[英]Replacing NA in for/if loop in R
I'm running into an unexpected challenge in R. In my dataset, there are NA in certain columns.我在 R 中遇到了一个意想不到的挑战。在我的数据集中,某些列中有 NA。 Some of these NAs SHOULD be present (the values are truly missing), while others should be replaced with 0s.

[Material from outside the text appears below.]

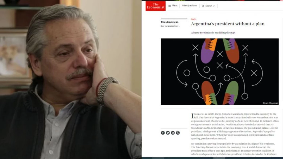 En una columna editorial de la sección "Americas", The Economist describe al Presidente como alguien que improvisa, débil, con ansia de popularidad y sin rumbo. La nota arranca haciendo hincapié en lo que Diego Armando Maradona representó, tanto mientras vivió como cuando se murió. "El funeral del futbolista más famoso de Argentina el 26 de noviembre fue tan apasionado y caótico como los asuntos de su país", indica.

其中一些 NA 应该存在(值确实缺失),而其他的应该用 0 替换。 I used code like the following:
我使用了如下代码:
df1 <- data.frame(x = c(1, 2, 3, 4, 5), y = c(10, 10, NA, NA, 12), z = c(9, 9, 9, 9, 9))
for (i in nrow(df1)){
if(df1$x[i] > 3){
df1$y[i] = 0
df1$z[i] = 0
}
}
And obtained this output并获得了这个输出
x y z
1 1 10 9
2 2 10 9
3 3 NA 9
4 4 NA 9
5 5 0 0
The NA SHOULD be preserved in row 3, but the NA in row 4 should have been replaced with 0. Further, the z value in row 4 did not update. NA 应该保留在第 3 行中,但第 4 行中的 NA 应该被替换为 0。此外,第 4 行中的 z 值没有更新。 Any ideas as to what is happening?
关于发生了什么的任何想法?
You've used for i in nrow(df1)
which evaluates to for i in 5
.您已经使用
for i in nrow(df1)
其计算结果为for i in 5
。 I'm guessing you meant to use for i in 1:nrow(df1)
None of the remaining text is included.